Although the men of the United States will walk away with medals this time – they have been eliminated in six of the past 13 worlds and three of the past four Olympics – this cannot be considered any anything but an unsatisfactory outcome.
“You can get out of here for nothing,” Bracy said. “But we have to clean it up. We have a lot of work to do to keep improving.”
De Grasse, the Olympic champion in the 200m, was barely able to walk up the stairs four weeks ago while recovering from COVID-19. He failed to make it past the hot 100 meters last weekend and pulled out of the 200 altogether.
He won a gold medal with a team that also included Aaron Brown, who finished seventh in the 200 and eighth in the 100; Jerome Blake, who was also not a finalist; and Brendon Rodney, who was part of the Canadian relay team.
“Once I got the baton, I said, ‘Okay, I’m standing shoulder to shoulder with America and now I have to do what I can,” De Grasse said. “It’s great to spoil the party for them.”
America put together the same roster as the day before for the previous games, leaving a host of medals and paces – Trayvon Bromell, Erriyon Knighton, Kenny Bednarek and injured Fred Kerley – on the bench.
The hall continued. His background: fifth place on this year’s list of 100 national championships but also the NCAA relay title in 2018 at the University of Houston, where the legendary Carl Lewis, who was a frequent critic of the continuation of running strength of the United States, trained for many years.
“We tried to put together a team to have some kind of continuity and stickiness together,” says Bracy. “We did a great job yesterday. We just tried to go out and do the same thing today. Things didn’t go in our favor… and we took the ‘L’. .'”
A thought for men: Take a page from a book written by women’s relay coach, Mechelle Lewis Freeman.
Each team consists of the eighth-placed team in the 100th round (Jefferson), the fifth-placed team in the 200th round (Steiner) and two other teams (Prandini and Terry) that failed to make it through to their semi-finals.
The initial pass between Jefferson and Steiner may not have been surprisingly smooth, but neither was Jamaica.
Terry took the baton for the anchored foot four paces ahead of Jackson, who, two nights earlier, had run the second-fastest ever in the 200 lap (21.45).
The Jamaican finished, and closed a few more matches, but when Terry entered, she had her first American win at worlds in this race since 2017, when Fraser-Pryce leave after giving birth.
The relay medals gave the US 28 medals for the meeting, just three short of the record for a world championship. It will be prioritized for medals in the men’s and women’s 4×400 and women’s 800 with Olympic champion Athing Mu.

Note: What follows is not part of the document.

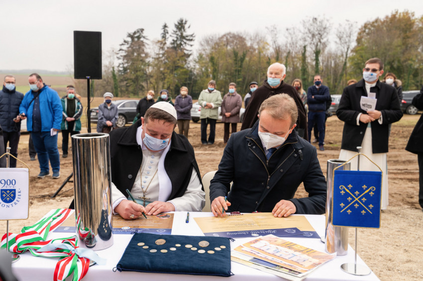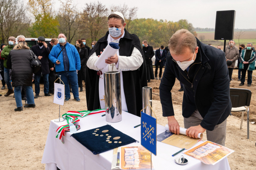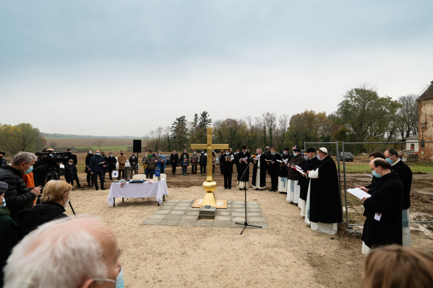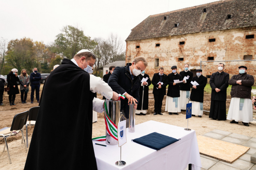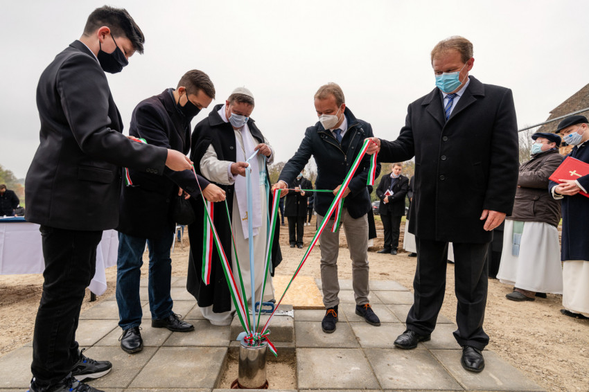 Az ünnepi beszéd után Fazakas Márton, Füleky Zsolt, Nagy Ferenc, Bakucz András és Cserép Krisztián ünnepélyesen elhelyezték a premontrei templom szomszédságában épülő látogatóközpont és majorság alapkövét.

Other winners on Saturday included Emmanuel Kipkurui Korir of Kenya in the men’s 800, Gudaf Tsegay of Ethiopia in the women’s 5000, Grenada’s Anderson Peters in the men’s javelin throw and Pedro Pichardo of Portugal, who won the men’s javelin throw. defended his Olympic title with the world title in the men’s triple event. leap
The evening also featured a call (finally?) to Allyson Felix, who was lured back to the world stage to run prelims in the women’s 4×400 race.
It helped Felix win her 20th world championship and 14th gold medal after Sunday’s final. The US has won 4×400 in seven of the past nine worlds.